Research writing: Quote or quotation?
Don’t quote me on this one…
Researchers commonly misuse the word ‘quote’ when they should use ‘quotation’. This mistake is so common that the two words are often considered to be synonymous.
Quote is a verb – a doing word. You quote someone when you take something they have said or written and reproduce that thing verbally or in writing.
The common mistake that research writers make is to reproduce the content sourced from someone else and refer to it as a quote. In a research report this might look something like “the following quote suggests…”.
The reproduced text is in fact a quotation. The word quotation is a noun – a thing.

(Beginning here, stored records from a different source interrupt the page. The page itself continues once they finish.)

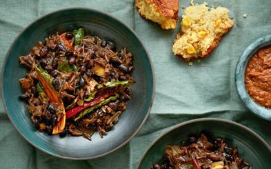 Hoppin' John med sorte bønner, vilde ris og black bean barbecuesauce
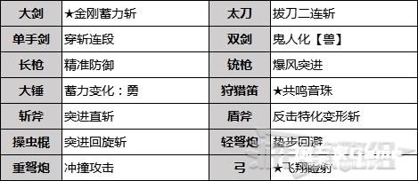 鬼人化【兽】:发动后会逐渐消耗耐力,同时攻击与回避动作会发生变化,且后仰无效。进入特化攻击状态,进行回避动作时会发动斩击。
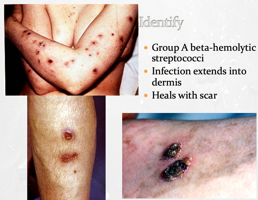 - Caused by group A Streptococcus and s. aureus in adults
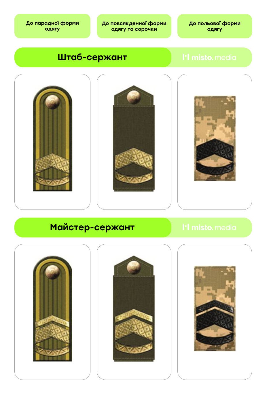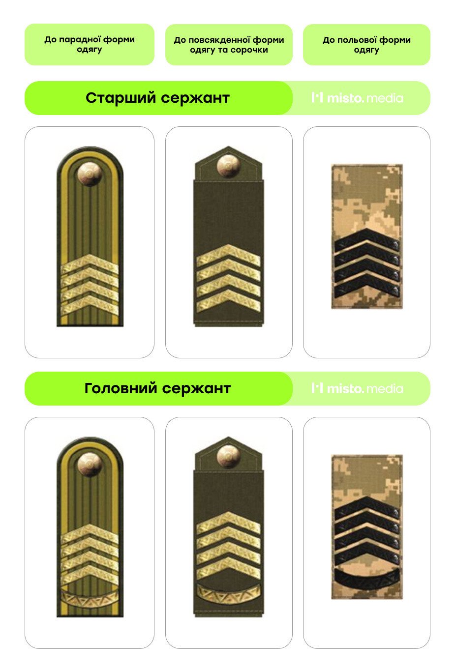 сержантський склад. Сержанти — лідери на місцях, керують солдатами. Їх називають хребтом армії, бо вони є містком між офіцерами, які планують завдання, та солдатами, які їх виконують;
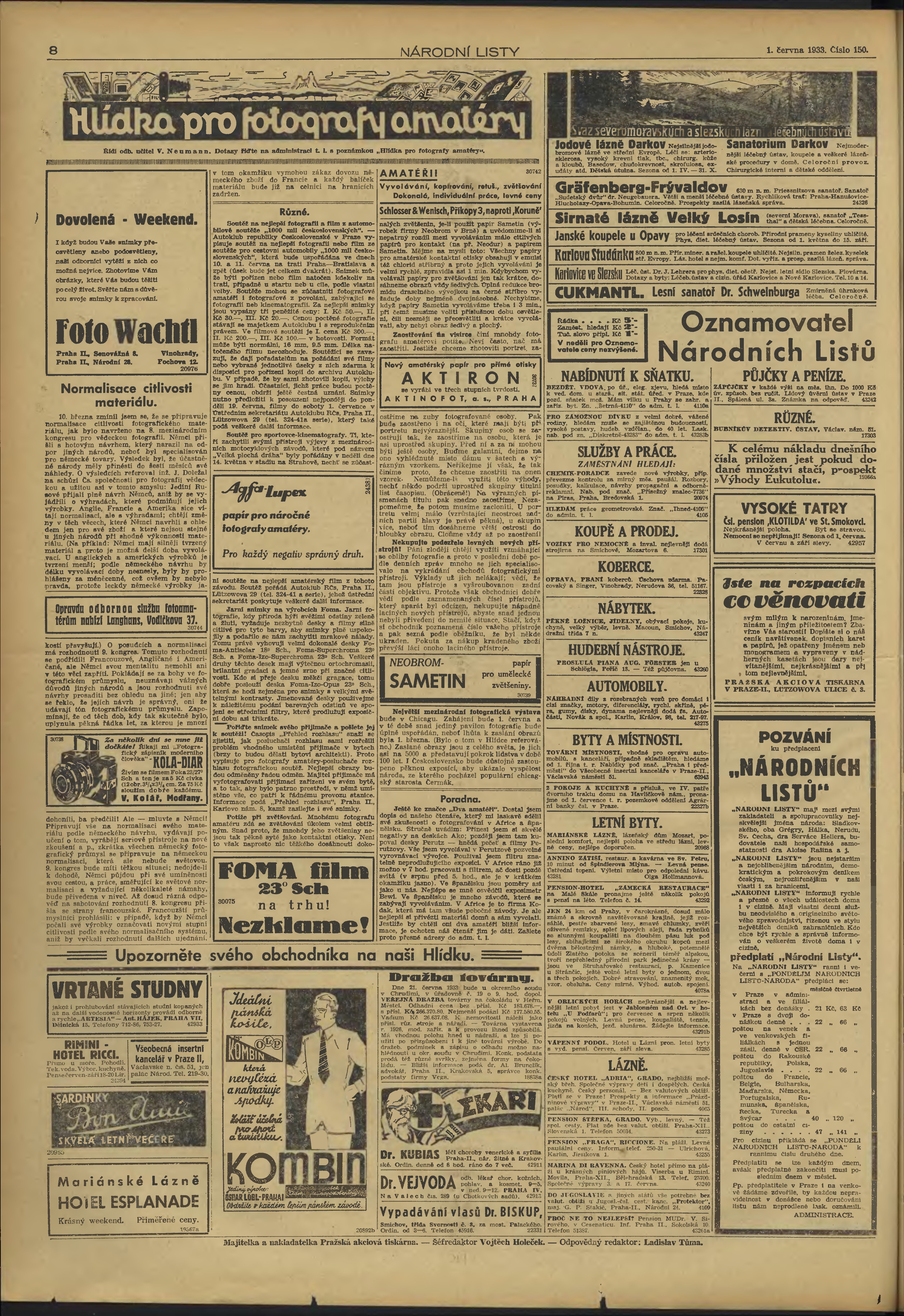 * Datum vydání výtisku: 1.6.1933 Číslo výtisku: 150
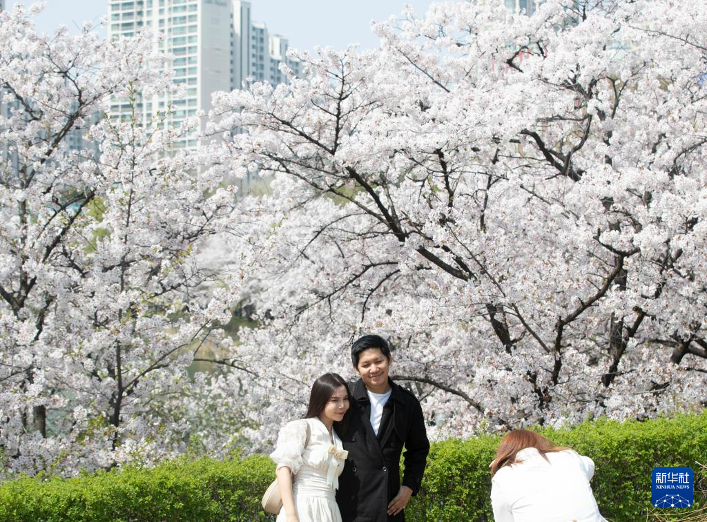近日,韩国首尔天气转暖,樱花陆续开放。
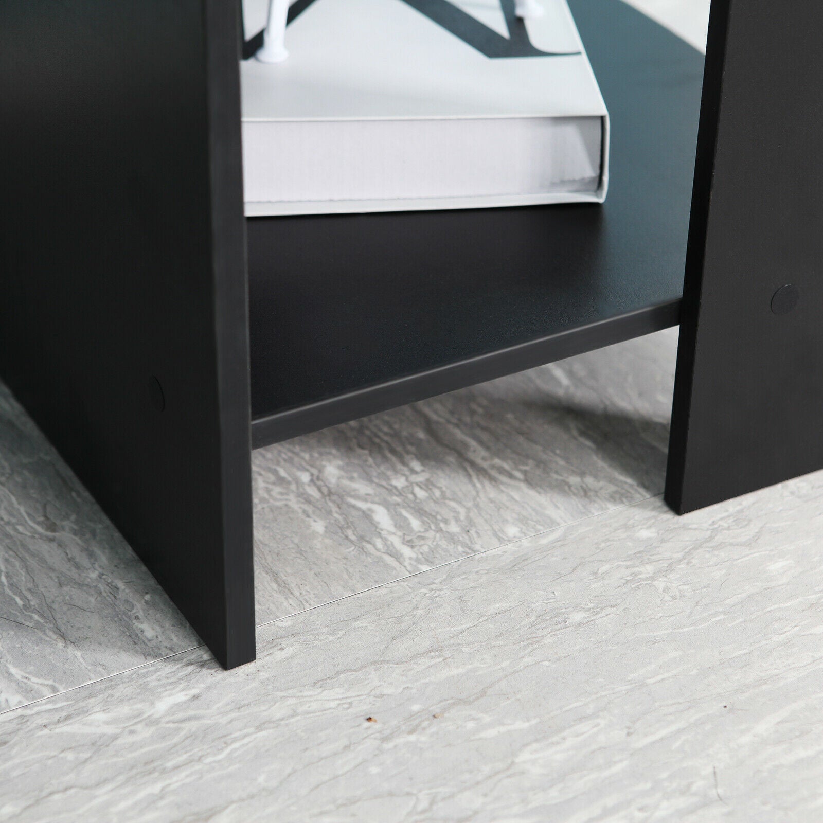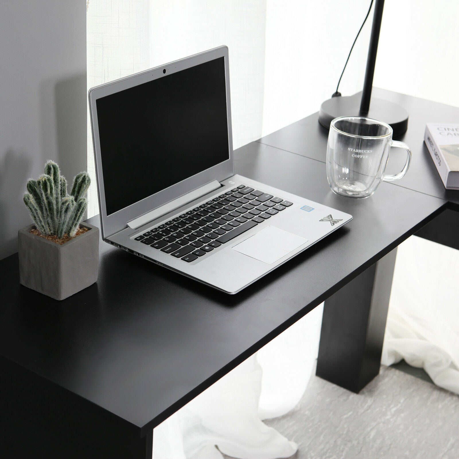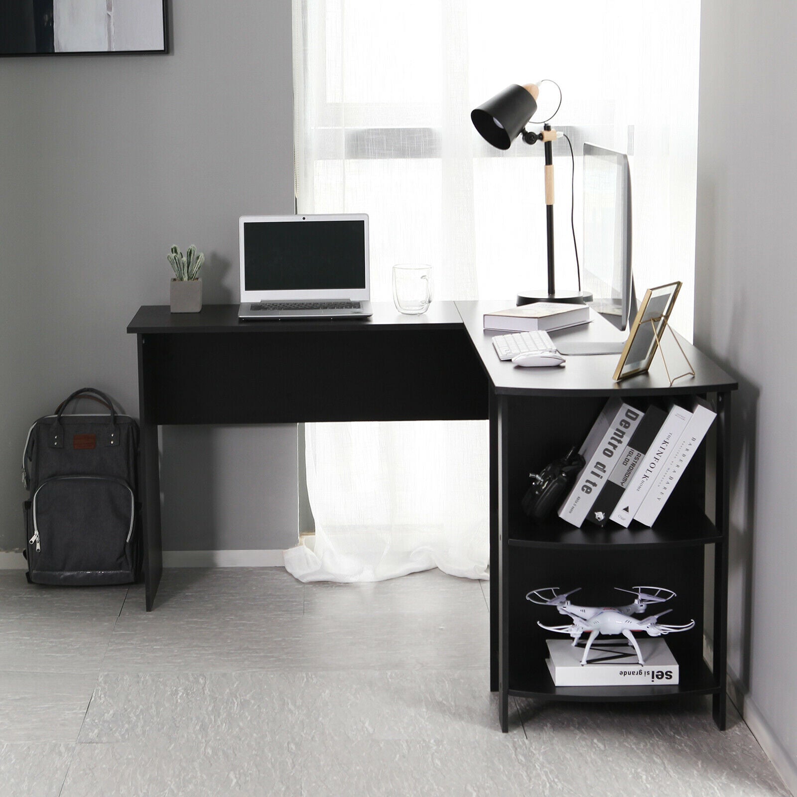 - L-shaped Design: This desk is remarkable for its L-shaped design that fits perfectly on the corner of any room. It's available in a choice of two most easy matching colors:Plain White and Classic Black, such a versatile office-furniture that can always satisfy you.
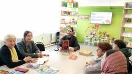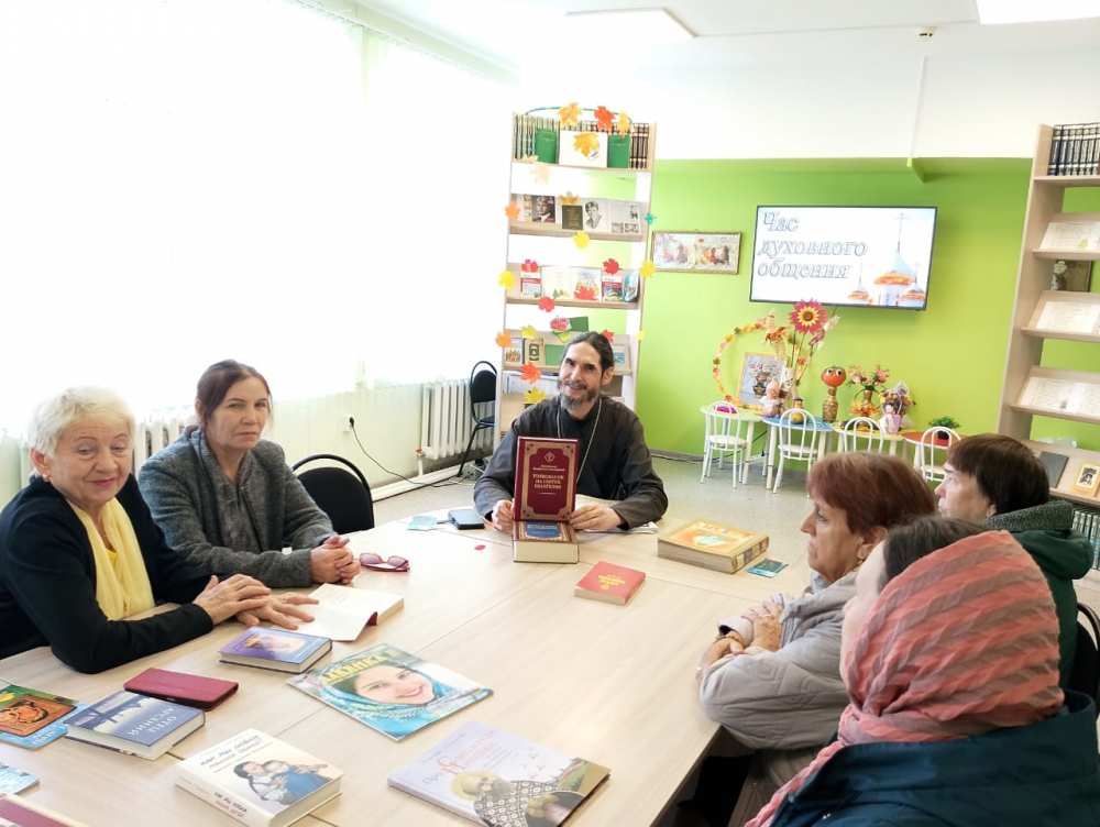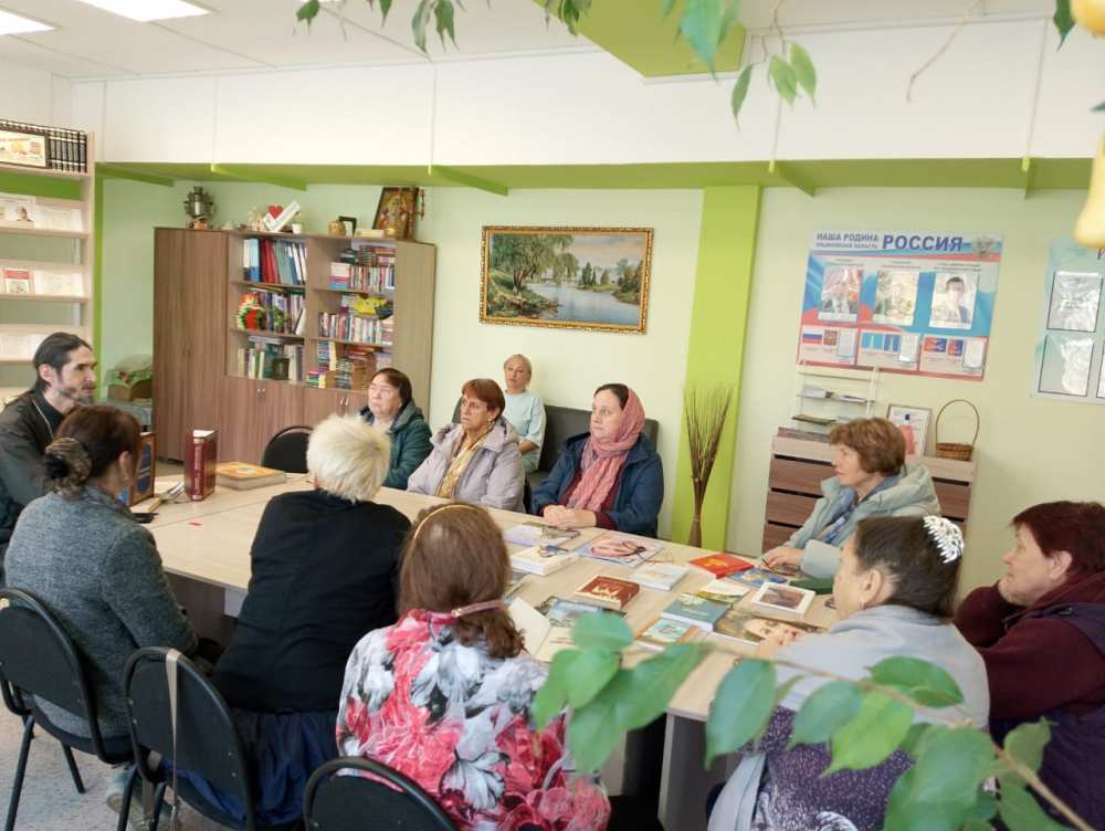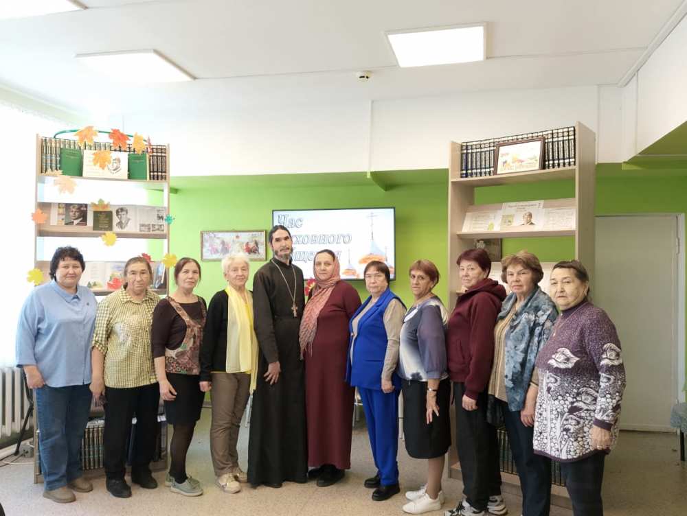 Настоятель храма Собора Архистратига Михаила и прочих Небесных Сил бесплотных с. Озерки иерей Евгений Тойменев с руководителем Сельской-библиотеки Лидией Афанасьевной, провел "Час духовности", на котором с присутствующими разобрали структуру Библии, отметили основные различия Нового и Ветхого завета, размышлял о Промысле Бога от Сотворения мира, до Рождества Иисуса Христа.

For example of correct usage, in a recent article about Building resilience in children and young people, I quoted a study by Moss and colleagues. The quotation I used was:
Effective wellbeing interventions often included digital components, which promoted “anonymity, accessibility, prompt feedback, cost-effectiveness, high treatment fidelity, and applicability to real-life contexts” (Moss et al., 2023, p NA)
Another research example of similar words may further illustrate my point here.
When we create a written document that captures something someone has said verbatim, we have transcribed their words. The verb here is transcribe. The written version of the content is called the transcription. The equivalent mistake here would be emailing the transcription document to a collaborator and saying “attached is the transcribe of the interview”.